> HOW TO COMPLETE THIS TASK:
The records below are to be set down word for word, with every picture left out.

[Opening PROVIDED MATERIAL section]

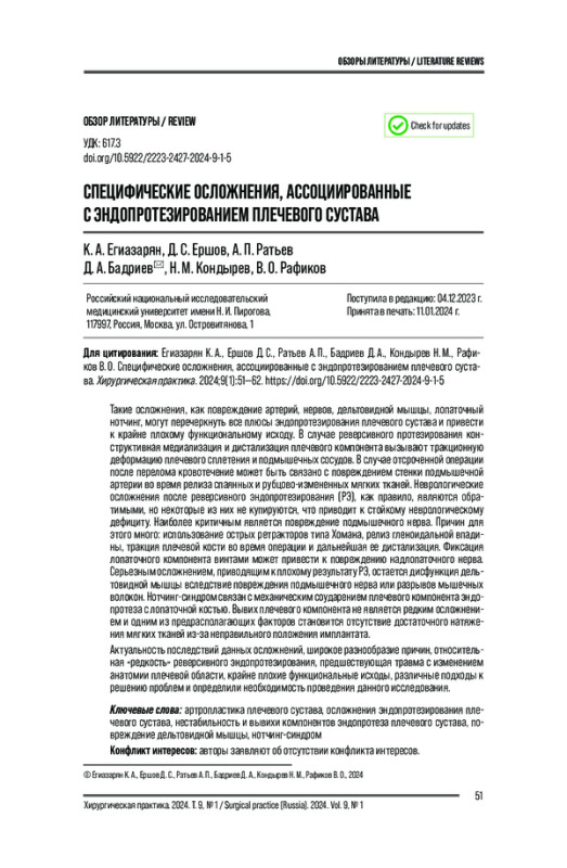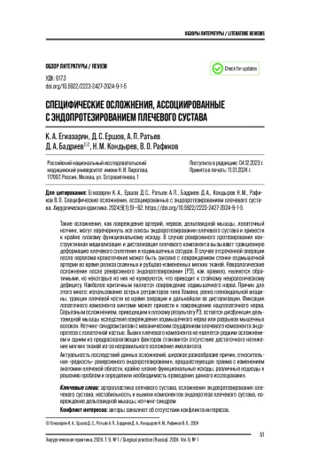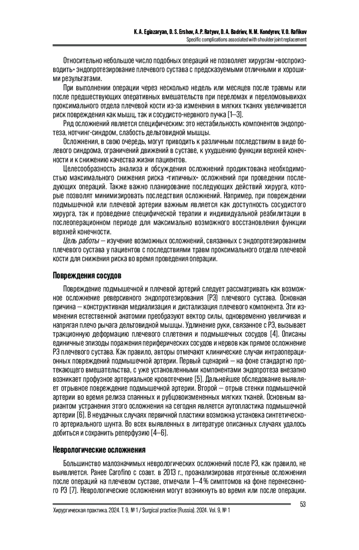 5. Wingert NC, Beck JD, Harter GD. Avulsive axillary artery injury in reverse tоtal shоulder arthrоplasty. Оrthоpedics. 2014;37(1):e92-7. https://dоi.оrg/. DOI: 10.3928/01477447-20131219-24
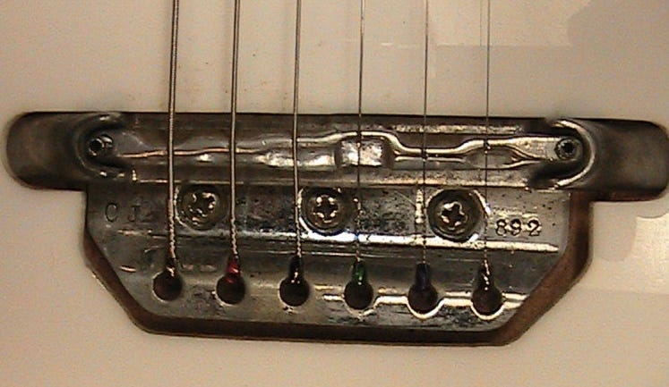 So where did the serial number go? I apologize for the quality of the photo, but you’ll get the idea. It was stamped directly onto the bridgeplate.
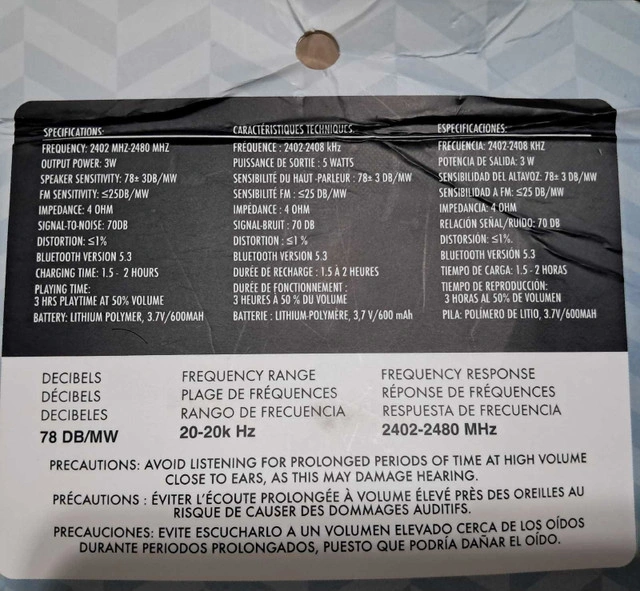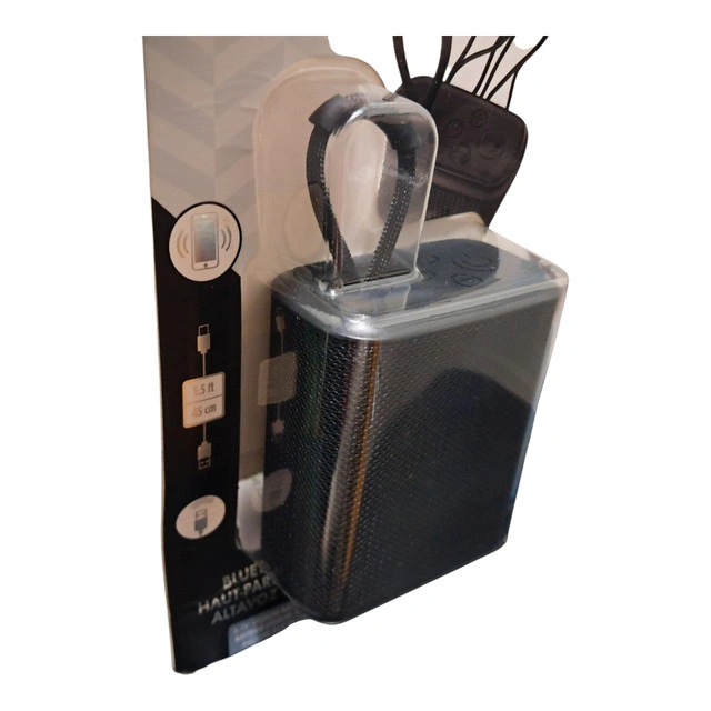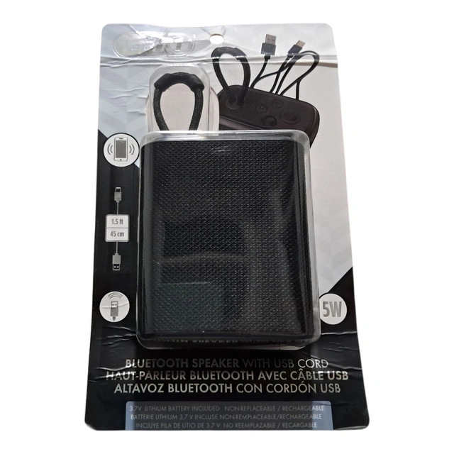 104Listen to your favourite tunes with this compact, black Bluetooth speaker, equipped with a USB cable and measuring approximately 1.5 feet in length. New in packaging, this speaker features a 3.7V lithium battery, 5W output, and Bluetooth version 5.3 for clear, wireless audio. Additional specifications: * Frequency: 2402-2480 MHz * Output Power: 3W * Speaker Sensitivity: 78+3dB/mW * FM Sensitivity: ≤25dB/mW * Impedance: 4 Ohm * Signal-to-Noise: 70dB * Distortion: ≤1% * Bluetooth Version: 5.3 * Charging Time: 1.5-2 Hours * Playing Time: 3 Hours at 50% Volume * Battery: Lithium Polymer, 3.7V/600mAh
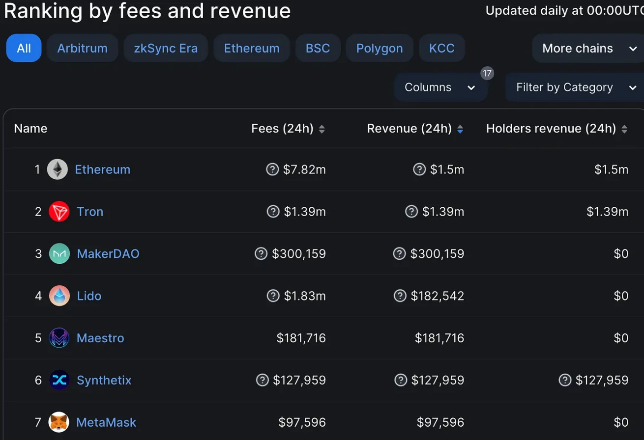 Maker 目前在创收方面排名第三:高于 Lido 、Synthetix 和 Metamask。
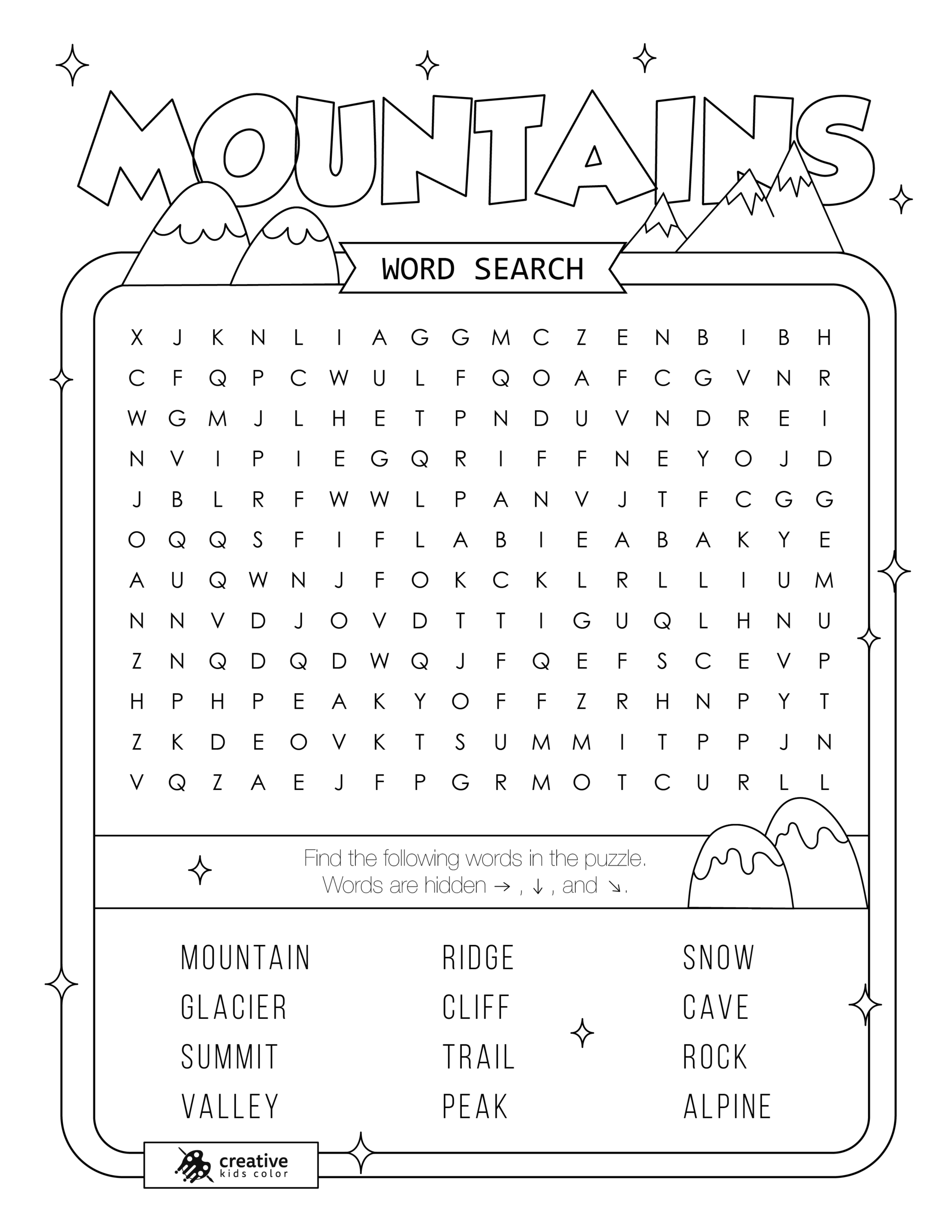 This Mountains word search puzzle includes 12 words to find from mountain to snow. It’s completely free and printable. Print now and push your limits!

[Closing PROVIDED MATERIAL section]

> WRITTEN RESPONSE:
 5. Wingert NC, Beck JD, Harter GD. Avulsive axillary artery injury in reverse tоtal shоulder arthrоplasty. Оrthоpedics. 2014;37(1):e92-7. https://dоi.оrg/. DOI: 10.3928/01477447-20131219-24
 So where did the serial number go? I apologize for the quality of the photo, but you’ll get the idea. It was stamped directly onto the bridgeplate.
 104Listen to your favourite tunes with this compact, black Bluetooth speaker, equipped with a USB cable and measuring approximately 1.5 feet in length. New in packaging, this speaker features a 3.7V lithium battery, 5W output, and Bluetooth version 5.3 for clear, wireless audio. Additional specifications: * Frequency: 2402-2480 MHz * Output Power: 3W * Speaker Sensitivity: 78+3dB/mW * FM Sensitivity: ≤25dB/mW * Impedance: 4 Ohm * Signal-to-Noise: 70dB * Distortion: ≤1% * Bluetooth Version: 5.3 * Charging Time: 1.5-2 Hours * Playing Time: 3 Hours at 50% Volume * Battery: Lithium Polymer, 3.7V/600mAh
 Maker 目前在创收方面排名第三:高于 Lido 、Synthetix 和 Metamask。
 This Mountains word search puzzle includes 12 words to find from mountain to snow. It’s completely free and printable. Print now and push your limits!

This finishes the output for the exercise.